Investigations & investigation of choice

  • Clinical examination is usually sufficient for sebaceous cyst, lipoma, and ganglion.
  • Ultrasound — first-line imaging to confirm cystic vs solid, depth, and vascularity for any soft-tissue lump.
  • MRI — investigation of choice for large/deep lipomas, suspected liposarcoma, nerve sheath tumours, and to map extent.
  • CT/MRI before excising an external angular or midline dermoid (intracranial extension).
  • FNAC / excision biopsy — when malignancy suspected (rapidly growing, >5 cm, fixed, painful).
  • Thyroglossal/branchial cyst — USG neck + thyroid status (a thyroglossal "cyst" may be the only functioning thyroid tissue — confirm a normal thyroid before excision).

Management principles (drug/procedure of choice)

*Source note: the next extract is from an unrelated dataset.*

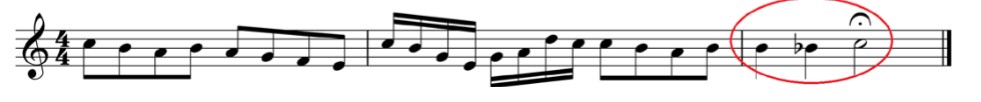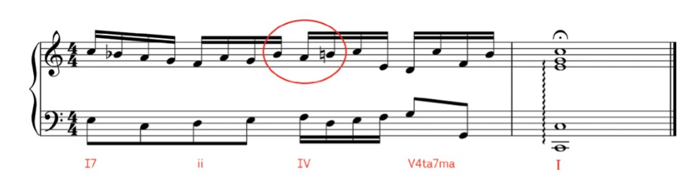 En este caso el movimiento circular primario ocasiona dos alteraciones accidentales* sobre el V grado de la escala de Do mayor. Un acorde con 5ª menor y luego un acorde suspendido*. Modificando claramente a la melodía y a la armonía.

Lesion Treatment of choice
Sebaceous cyst Complete excision with cyst wall
Cock's peculiar tumour Wide excision (rule out SCC)
Dermoid cyst Excision; image first if midline/angular
Lipoma Excision if symptomatic/atypical
Liposarcoma Wide local excision ± radiotherapy
Ganglion Surgical excision of cyst + stalk
Neurofibroma (solitary, symptomatic) Excision
Thyroglossal cyst Sistrunk operation
Branchial cyst/fistula Complete excision of tract
Cystic hygroma Sclerotherapy (OK-432) first-line

Recently asked / exam angle

  • Image of a scalp swelling with a punctum → sebaceous (epidermoid) cyst; commonest scalp swelling.
  • "Slip sign positive, skin freely mobile" → lipoma (universal tumour).
  • Painful multiple lipomas in an obese woman → Dercum's disease.
  • Wrist swelling more prominent on flexion, transilluminant → ganglion; excision = best treatment.
  • Bilateral acoustic neuromas → NF-2 (chromosome 22); café-au-lait + Lisch nodules → NF-1 (chromosome 17).
  • Swelling moving with tongue protrusion → thyroglossal cyst → Sistrunk operation.
  • Cyst at anterior border of SCM with cholesterol crystals → branchial cyst.
  • Infant, posterior triangle, brilliantly transilluminant → cystic hygroma; OK-432 sclerotherapy.
  • Sebaceous cyst NOT on palms/soles (no sebaceous glands) — frequently asked one-liner.
  • Cock's peculiar tumour — infected sebaceous cyst mimicking epithelioma.
  • Antoni A/B and Verocay bodies → schwannoma histology.

Rapid revision

  1. Sebaceous (epidermoid) cyst — intradermal, has a punctum, skin not free; never on palms/soles; treat by complete excision with wall.
  2. Cock's peculiar tumour = infected, granulating sebaceous cyst mimicking SCC, classically scalp.
  3. Lipoma = universal tumour; slip sign + lobulation + skin freely mobile; pseudofluctuation/pseudotransillumination.
  4. Liposarcoma red flags: >5 cm, rapid growth, pain, deep/retroperitoneal; MRI is investigation of choice.
  5. Dercum's = painful lipomas; Madelung's = neck horse-collar lipomatosis in alcoholics.
  6. Ganglion = commonest hand/wrist swelling, myxoid degeneration, brilliantly transilluminant, prominent on flexion; excision is best.
  7. External angular dermoid = commonest sequestration dermoid; image before excising (intracranial extension).
  8. Implantation dermoid = trauma sites (fingers/palm) in manual workers.
  9. Neurofibroma moves transversely, not along the nerve; NF-1 chr 17 (café-au-lait, Lisch); NF-2 chr 22 (bilateral vestibular schwannoma).
  10. Thyroglossal cyst moves with tongue protrusion → Sistrunk operation; confirm normal thyroid first.
  11. Branchial cyst = deep to anterior border of SCM (upper/middle third junction), cholesterol crystals on aspiration.
  12. Cystic hygroma = posterior triangle, brilliantly transilluminant, infancy, Turner association; sclerotherapy (OK-432) is first-line.